Recipe: Basil and White Bean Soup

My pre-move experiments in simpler, faster cooking continue.  This is a simple and fast-to-prepare soup, the only challenging ingredient being fresh basil (which many stores have anyway, but its not something you’ll likely have lying around without a garden). It has a nice, light taste, though may need a bit more salt depending on your preferences – fair warning, a little salt goes a long way with this dish.

Ingredients:

  • 1 Yellow onion, diced
  • 1 cup carrots, diced
  • 3 cloves garlic (about 1 TBSP) crushed.
  • 3 cups of Cannellini beans (2 14.5 oz cans)
  • 3 cups vegetable broth (may need a bit more depending on how you make it)
  • ½ cup chopped fresh basil.

 

Preparation:

  1. Dice onion, and dry-sauté it with carrots and garlic until onion starts to soften.. Add 1 or 2 Tbsp of water if it gets sticky.
  2. Add all other ingredients, bring to boil, then simmer until the carrots are tender, but still a bit firm. Usually about 15 minutes.
  3. Serve.

 

– Steve

Lemon Broth Chazuke

Remember how I’ve been experimenting with chazuke for a quick meal?  Well here’s my latest creation, a chazuke uses lemon-flavored teas. Bigelow’s Lemon Lift was the one I used, but you can find others using lemon zest and the like. It has a taste reminiscent of chicken broth – enough I think you could use just the tea-garlic-soy mixture as a broth substitute.
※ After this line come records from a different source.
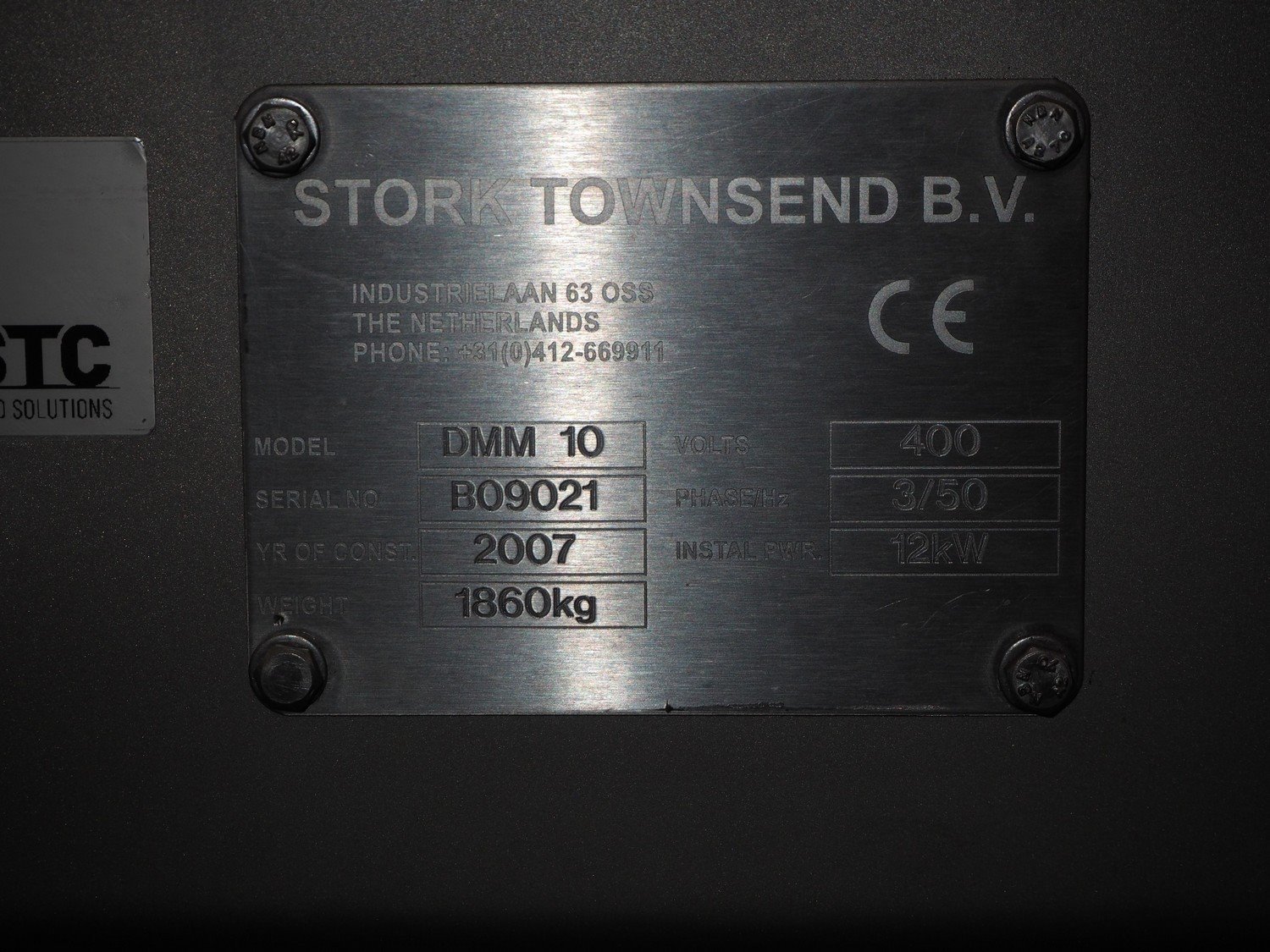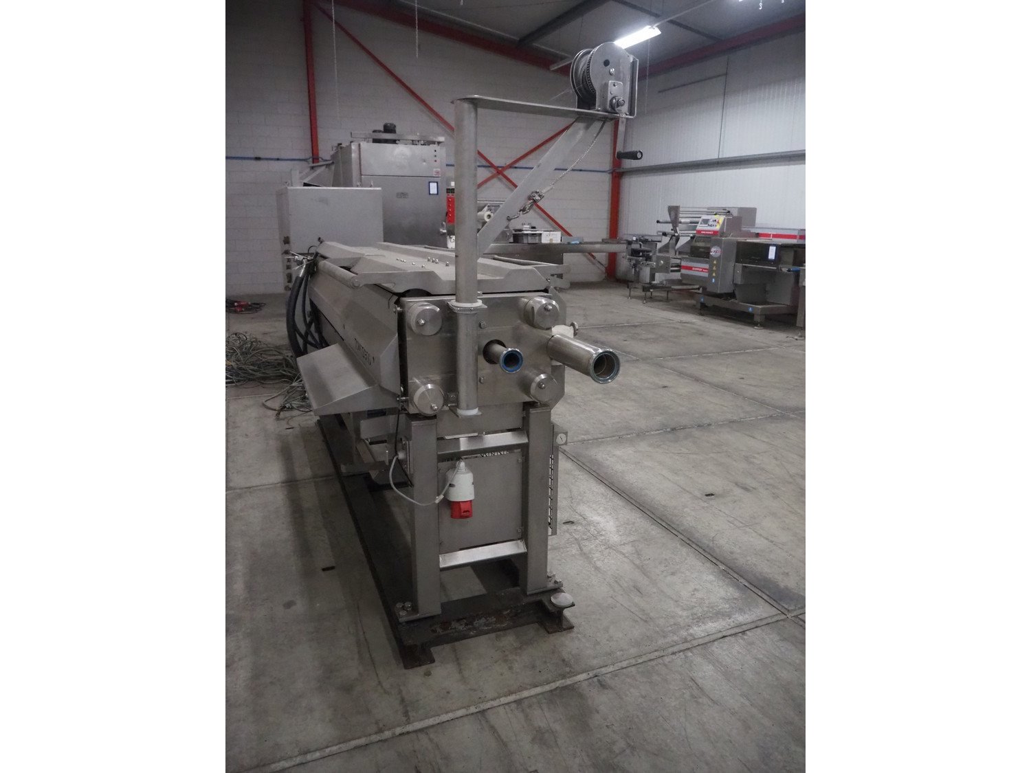 Stork Townsend B.V. meat harvester, model: DMM 10, serial number: B09021, year of construction: 2007, 400 V, 3 Ph, 50 Hz, 12 kW, 1860 kg, ø chamber: 215 mm, length: 450 mm, ø filter: 5 mm, total dimensions: 3200 mm x 1000 mm x 2000 mm, Denison hydraulics hydraulic unit, type: N19 - 01334-A, year of construction: 15-09-2006, dimensions: 1650 mm x 800 mm x 1900, including s/s switch cabinet, dimensions: 850 mm x 400 mm x 1800 mm. Kavel locatie: Bedrijfsweg 7, 8304 AA Emmeloord, Nederland
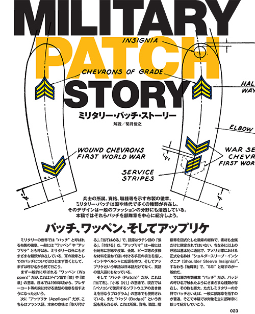 巻頭特集は軍隊とは切っても切れないパッチを様々な角度から考察する「ミリタリーパッチ大研究」をお送りします。米軍を中心に、WWⅡドイツ軍や英軍などのショルダーインシグニアを紹介する゛ミリタリーパッチ・ストーリー」。さらに「世界のミリパッチ図鑑」ではイラク特殊作戦部隊“I.S.O.F.”の珍しいパッチを掲載。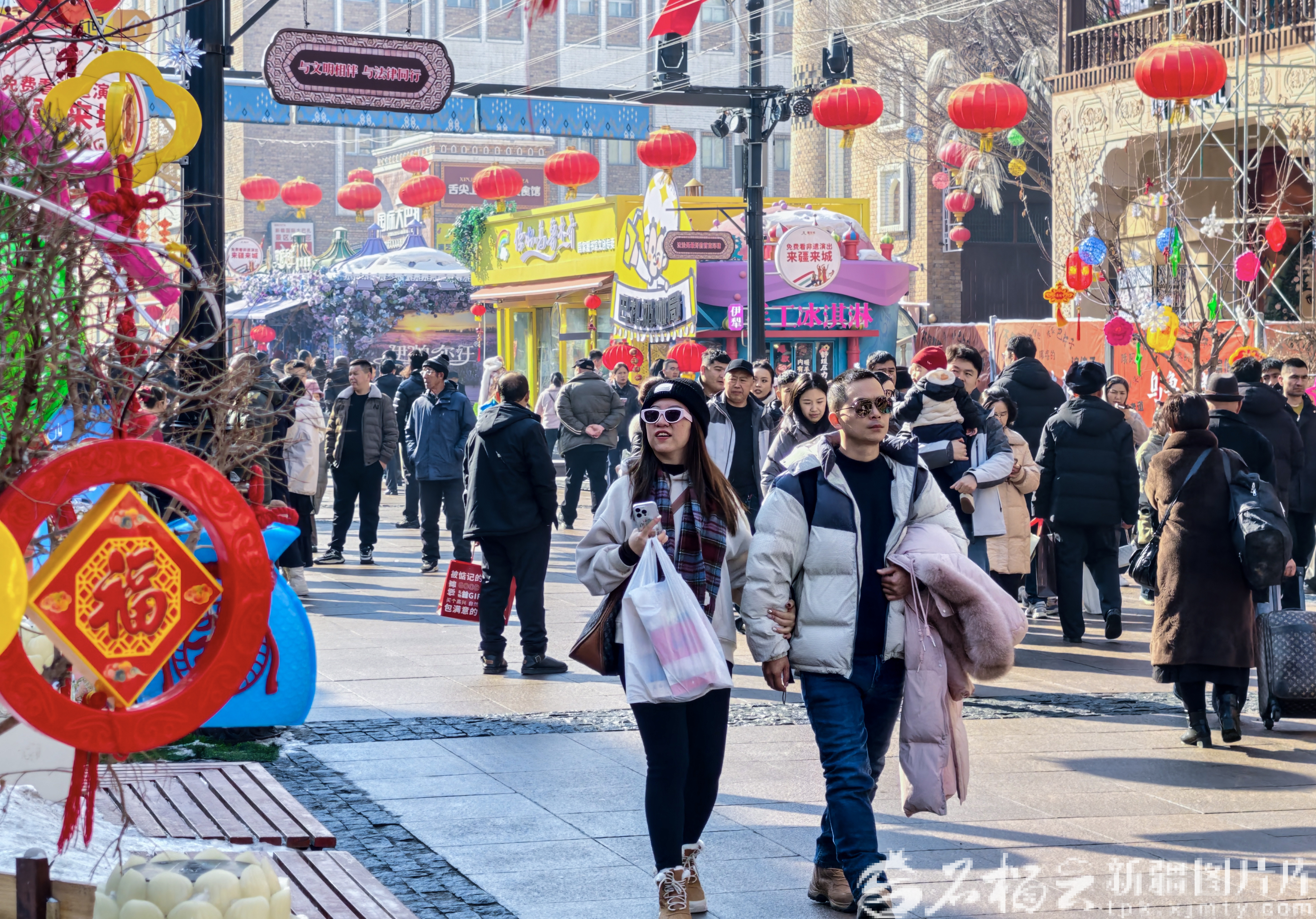 金马贺岁,福启新岁。各地游客逛巴扎、赏民俗、品美食,沉浸式体验丝路风情与新春喜悦,处处洋溢着团结奋进的节日氛围。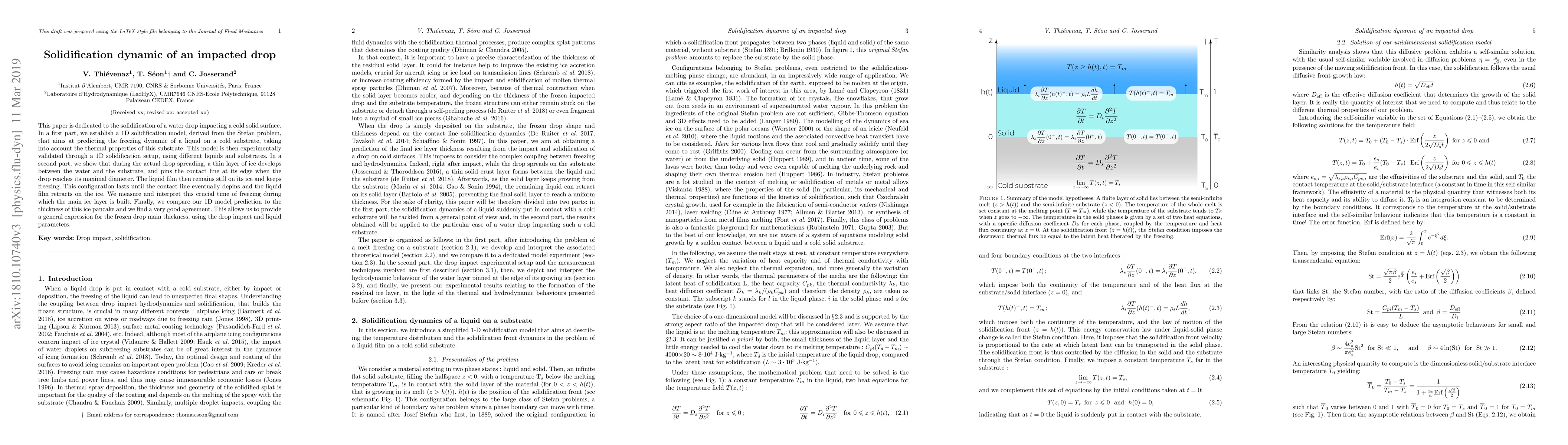 The paper presents a simplified 1D model for solidification dynamics, characterizing the effective diffusion front and providing an expression for the ice pancake thickness.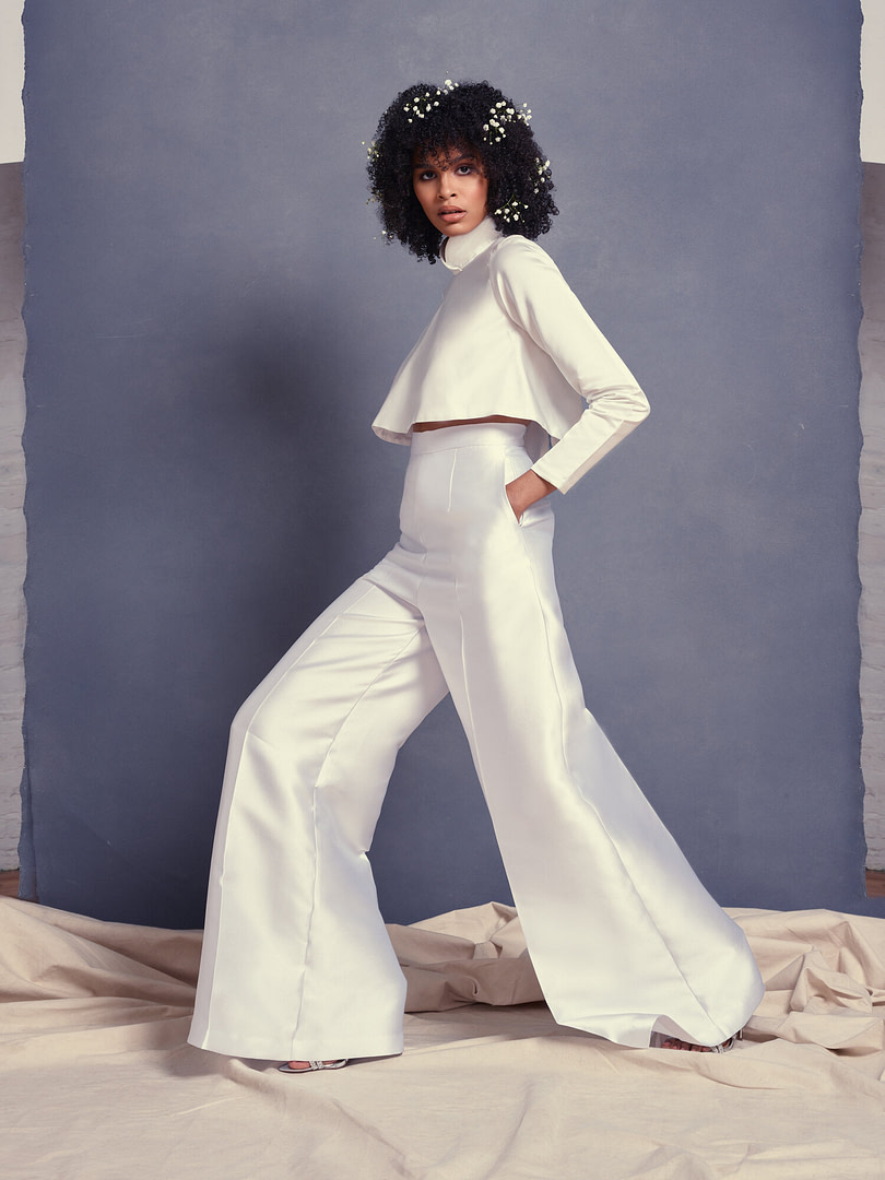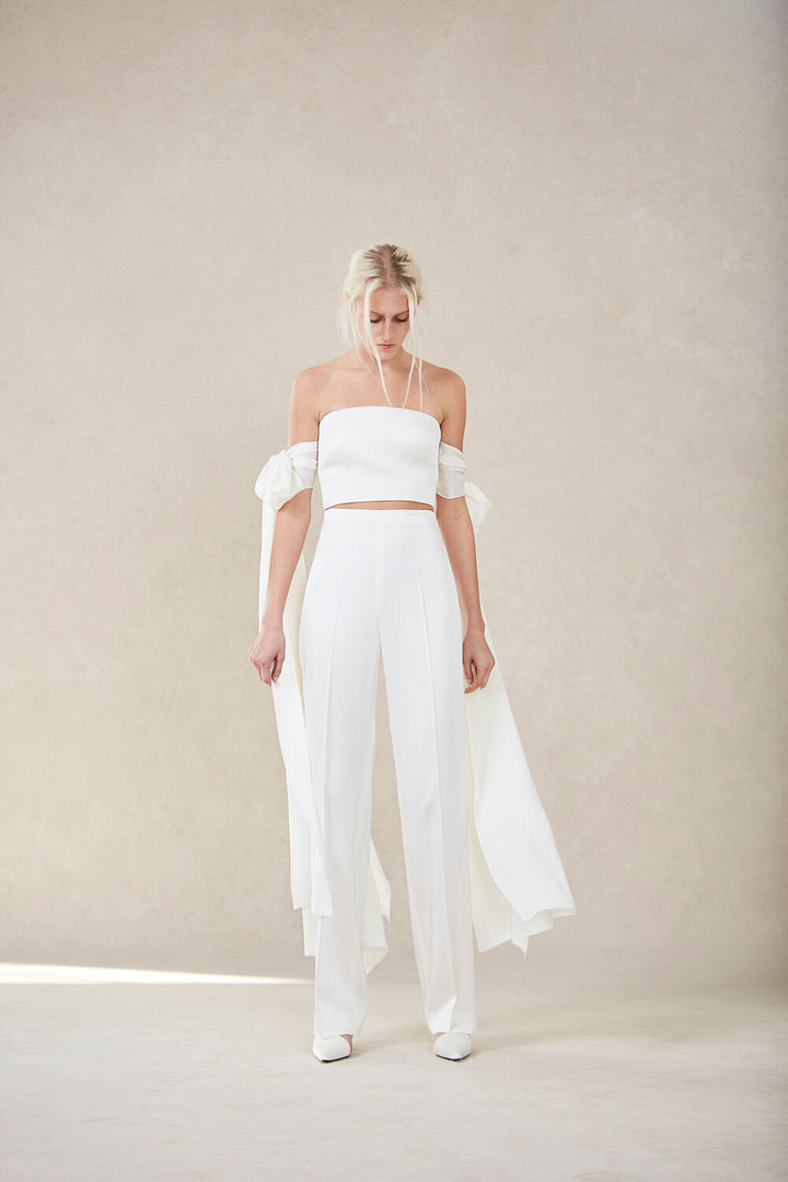 Nordeen a présenté une tenue de mariée minimaliste avec un pantalon et un haut. Le détail chic ? Une élégante étole qui entoure les bras, encadrant parfaitement la tenue.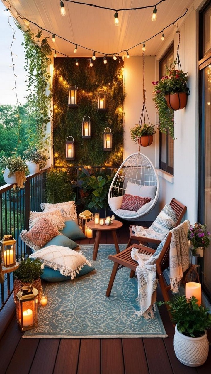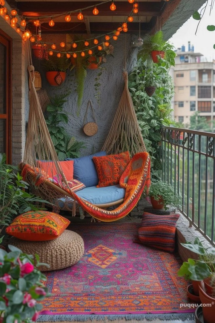 For balconies with appropriate attachment points, a compact hammock provides a space-efficient lounging solution that can be removed when not in use.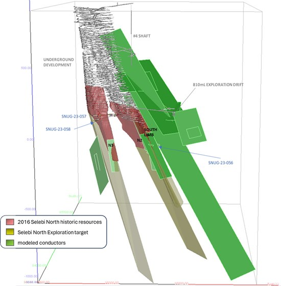 The highlighted results from SNUG-23-057 returned multiple mineralized intervals including intervals outside the historic resource estimate. SNUG-23-057 intersected mineralization corresponding to the N2 and N3 Limbs, but also intersected additional mineralization located between the N2 and N3 historic resources that is outside the historic SAMREC resource (see Figure 3). In addition, the 9.55 metre interval grading 2.72% Ni and 1.81% Cu is situated in a local fold linked to the historically mined N3 Zone in the upper levels of the mine.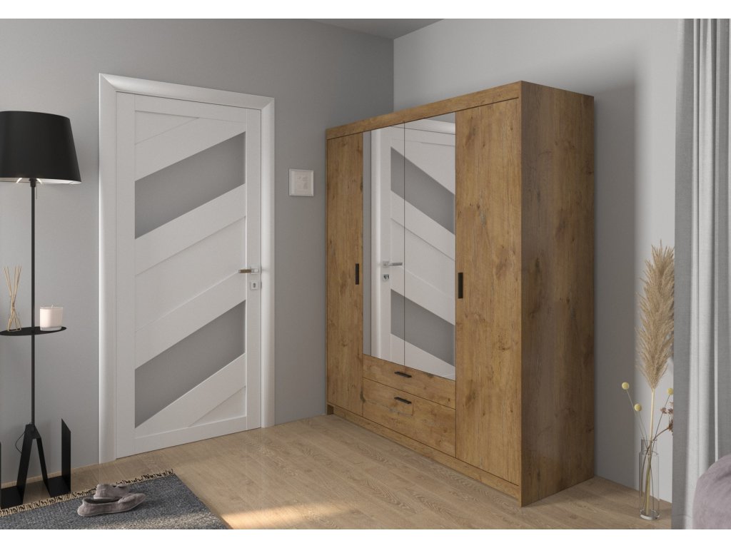 Šatní skříň ELINA 4D dub lefkas/zrcadlo

Seriously, this is delicious – and remember you could probably whip this up at cons, especially with the right canned goods or a little refrigerator.

Ingredients:

  • 1 ½ cup lemon tea
  • 1 tsp crushed garlic (one clove)
  • 1 tbsp soy sauce
  • 3 cups steamed green vegetables – I use broccoli, collard, spinach (you can steam them in a microwave, but spinach will blanch if you pour boiling water on it, from say a coffee maker)
  • Either 1 cup garbanzo beans or 7 ounces of tofu, cubed. (Use 1 ½ cup beans/14 ounces tofu if really hungry or add a cup of rice)
  • ¼ cup frozen corn. (leave out if you use rice)
  • 1 tbsp chives.

Directions:

  1. 1) Make the tea by mixing the water, garlic, and soy sauce together. Add the tea bag after heated and let seep.
  2. Mix the vegetables, beans/tofu, and corn. Add the tea.
  3. Heat if necessary in microwave to unthaw corn/heat tofu
  4. Add chives, serve.

Recipe: Curried Split Pea Soup

This is a recipe I’m extremely proud of because I always wanted to make good vegetarian split pea soup.  Done right, it’s high in protein, nutritious, low in fat, and filling.  This is the 5th version of the recipe, and I’m quite happy with it – took nearly a year to perfect.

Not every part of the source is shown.